KURT KIŞI GEÇİRİR AMA...
Hakan Aran “Bu geçtiğimiz dönemi kış dönemi olarak nitelendirirsek evet kış belki sert geçiyor. Kurt kışı geçirirmiş ama yediği ayazı da unutmazmış. O yüzden bizim de bu dönem içerisinde bu dönemi nasıl geçirdiğimizi unutmamamız gerekiyor. Bu dönem başlamadan önce yaşanan o daha bol paraya erişimin kolay olduğu paranın bol olduğu dönemde kredileri nasıl kullandığımız, ne amaçla kullandığımızı gözden geçirip bundan sonra o mola verildiğinde ve politika değişip tekrar finansal erişim rahat hâle geldiğinde nasıl kullanmak gerektiğini bence çok iyi değerlendirmek gerekiyor. Aksi takdirde biz gene aynı hataya düşebiliriz” diye konuştu.

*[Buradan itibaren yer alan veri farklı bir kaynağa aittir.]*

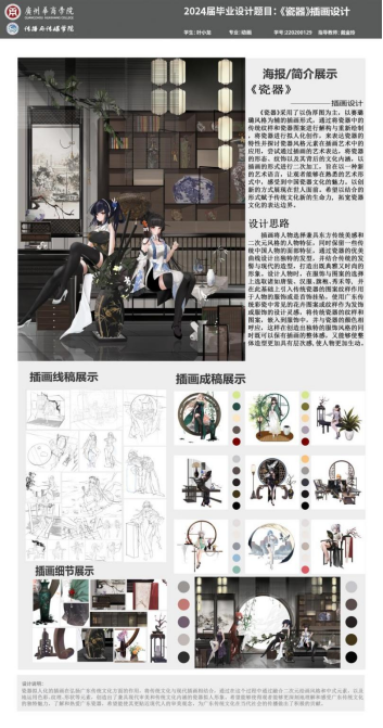 设计阐述:瓷器拟人化的插画在弘扬广东传统文化方面的作用,将传统文化与现代插画相结合,通过在这个过程中通过融合二次元绘画风格和中式元素,以及地运用色彩、纹理、形状等元素,创造出了兼县现代审美和传统文化内涵的瓷器拟人形象。希望能够使得观者能够更深刻地理解和感受广东传统文化的独特魅力,了解和热爱广东瓷器,希望能使其更贴近现代人的审美观念,为广东传统文化在当代社会的传播做出了积极的贡献。

İKİZ DÖNÜŞÜMLE VERİMLİLİK ARTTI
Konuşmasının son bölümünde İş Bankası, MEXT ve OSBÜK iş birliğiyle yürütülen “100 KOBİ’nin İkiz Dönüşüm Yolculuğu” projesinin sonuçlarını paylaşan Aran, proje sonucunda işletmelerde yüzde 10-20 arasında verimlilik artışı, yüzde 50’ye varan kapasite artışı ve enerji maliyetlerinde yüzde 20’ye varan tasarruf sağlandığını açıkladı.
MISIR İLE YARIŞAMAYIZ
Türkiye’nin küresel rekabetteki konumuna da değinen Aran, ucuz iş gücüne dayalı rekabet döneminin kapandığını net bir dille ifade etti. Aran şunları kaydetti: Türkiye’nin bugün gelmiş olduğu seviye, ucuz iş gücüyle rekabete imkân vermiyor. Tekstili örnek alırsak, Mısır’la rekabet etme şansımız yok. Mısır’daki asgari ücret seviyesiyle Türkiye’de iş gücü bulunmasını beklersek çok bekleriz. Biz o aşamaları geçtik. O yüzden bizim çözümümüz artık ucuz iş gücü odaklı değil, mutlaka katma değerli üretim konusu olmak durumunda ve bu sefer verilen o molayı mutlaka ve mutlaka verimli ve katma değerli üretim için kullanmamız gerekiyor.
ORTA DİREK ZAYIFLIYOR
Kişi başına düşen millî gelirin 17 bin dolar seviyelerine çıkmasına rağmen, medyan gelirin 4-5 bin dolar seviyesinde kaldığına işaret eden Hakan Aran, orta direğin eridiğini söyledi. Aran “Orta grup ya yoksulluğa doğru ya da zenginliğe doğru kayıyor. Hava yastığı olarak görülen orta segmentin zayıflaması, gelir dağılımı adaletsizliğini artırıyor. Ev sahibi-kiracı kavgaları ve asgari ücret tartışmalarındaki uzlaşmazlıkların temelinde bu yatıyor” ifadelerini kullandı.